Saçları dalgalı uzun,gözlerinde ise sanki her an ağlayacakmış gibi bir hüzün ifadesi hakimdi Tamer’in.Gözleri siyahtı.Aynı saçları da öyle.Ama bu siyah o kadar canlı bir siyahtı ki aldığımız siyah bir tişörtün renk tonunu 46 yıl boyunca değiştirmemiş hali gibiydi.Hafiften sakallı,yakışıklı denilebilecek bir tatlılığı vardı.Kişilik olarak ise nerede ne yapacağı kestirilemeyen tiplerdendi.Kimi zaman oldukça sakin,kimi zamanda deli gibi çılgın olabiliyordu.Mesela onunla 1 hafta geçiren bir kadınla 2 hafta geçiren bir diğer kadın Tamer’i kesinlikle çok farklı tarif ederlerdi.Ama hiçbir olumsuz ifade kullanmazlardı.O aşamaya gelmeleri için en az 1 yıllarını Tamer’le geçirmeleri gerekirdi.Mesela bu yönünde oldukça başarılı biriydi.Kendi yanlışlarını ya da beğenilmeyen yönlerini saklamakta.Ama yine de bir kadın için oldukça ideal bir erkek olabilirdi.Kendisinin söylemiyle olmuştu da.Yalnız bundan 10 yıl önce kaybetmişti eşini.Söylediği kadarı ile oldukça mutlu bir evliliği varmış.Ama çok uzun sürmemiş.Çevresindekilerin onun ailesiyle bildikleri tek şey bu 2 cümleden fazlası değildi.Çünkü Tamer kimseyle doğru düzgün konuşmaz ve görüşmezdi.Kimseye kolay kolay özel bir sırrını da anlatmazdı.Buda onu çevresinde oldukça gizemli kılan özelliklerinden bir tanesiydi.Tamer iş hayatında ise bütün kişilik özelliklerinin aksini sergileyen biriydi.Özel hayatının aksine iş hayatında oldukça hırslı,yenilgiyi kabul etmeyen ve lider ruhlu birisiydi.İkna kabiliyeti oldukça yüksekti.Bu özelliği her alanda onun işine yarıyordu.Herhangi bir tartışmada veyahut anlatmak istediği herhangi bir şeyi öyle güzel öyle derinlemesine anlatırdı ki hiç alakam yok diyen biri bile ağzı açık dinlerdi.Hatta öyle ki bir kişiyi sokakta çıplak dansa bile ikna edebilirdi.Arkadaş konusunda ise oldukça başarısızdı.İş hayatının dışında görüştüğü hiç kimse yoktu.Hayatında ona en yakın olan daha doğrusu olmaya çalışan kişi ise yine aynı deneyi sürdürdüğü labaratuar arkadaşı ve aynı zamanda çalıştığı bölümün müdürü olan Kadir’di…

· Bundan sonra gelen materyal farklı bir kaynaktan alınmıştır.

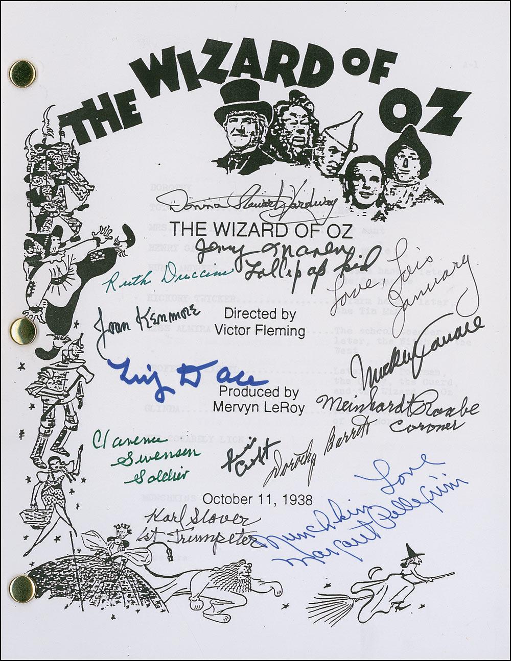 Souvenir script from The Wizard of Oz, 8.5 x 11, 113, signed on the first page in a variety of ink types and colors by thirteen different actors who portrayed various Munchkins or behind-the-scenes personalities. Signers are: Meinhardt Raabe (adding “coroner”), Mickey Carroll, Tiny Doll, Jerry Maren (adding “Lollipop Kid”), Lewis Croft, Ruth Duccini, Lois January, Margaret Pellegrini (adding “Munchkin Love”), Karl Slover (adding “1st Trumpeter”), Clarence Swenson (adding “Soldier”), Donna Stewart-Hardaway, Joan Kenmore, and Dorothy Barrett. In fine condition with three punch holes and secured at the left side with three fasteners.

Tamer’in işinden bu kadar bahsettikten sonra ney ile uğraştığını merak ediyorsunuzdur.Bunu zaman gösterecek.Şuan için işinin çok önemli olduğunu bilmeniz yeterli olacaktır.Bütün o araştırmaları başlatan kişinin de Tamer olduğu ve son olarak Kadrinin o araştırma bölümü açıldığında yaptığı basın açıklamasında gazetelerde çıkan haber manşetindeki;
’’ Beyin özrü onarılabilir mi ? ’’ sorusu da zamanla birçok şeyi aydınlatacaktır…

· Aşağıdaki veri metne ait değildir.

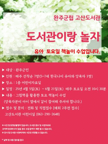 4월 5일부터 6월 21일까지 매주 토요일 오전 10시 30분에 진행되고 총 12회차를 진행하며, 자세한 일정과 내용은 완주군도서관 홈페이지 독서문화 행사안내를 참고하면 된다.

Yemeğin sonlarına yetişebilmişti Tamer.Lokantaya girdiğinden beri etrafa çok değişik bir bakışı vardı.Hareketleri normalin dışındaydı.Bir süre arar gözlerle etrafa baktı.Cemal’in her yerde kendini fark ettiren uzun,kahverengi ağaç kütüğüne benzeyen şapkasını gördüğü halde hiç dikkat etmemiş sanki aradığı başka bir şeymiş gibi kuşkulu ve korkmuş bakışlarını gezdirmeye devam etti diğer insanların üzerinde.Bir an duraksadı.Gözlerinde dehşet dolu bir anlatım oluşmuştu.Korkuyordu sanki.Birden ne yaptığını bilmezcesine,uzun saçlarını eliyle geriye attıktan sonra lokantanın içerlerine doğru yürümeye başladı.Kısa bir süre sonrada arkadaşları tarafından fark edildi.Kadri bir eliyle çatalı tutmuş diğer eliyle Tamer’i yanlarına çağırıyordu.’’Tamer,Tamer’’ diye bağırıyor,Tamer bunları hiç aldırmayınca ses tonunu daha da yükseltiyordu.Öyle ki bu bağrışı çevresindekileri rahatsız etmeye bile başlamıştı.Ama Kadir bunu hiç aldırmıyor,zaten büyük olan ağzını don lastiği gibi geriyor Tamer’in dikkatini çekmeye çalışıyordu.En sonunda da amacına ulaşmıştı.Tamer bakışlarını Kadri ve tayfasının olduğu masaya çevirdi ve hiçbir tepki göstermeden somurtkan bir ifadeyle yanlarına doğru yol aldı…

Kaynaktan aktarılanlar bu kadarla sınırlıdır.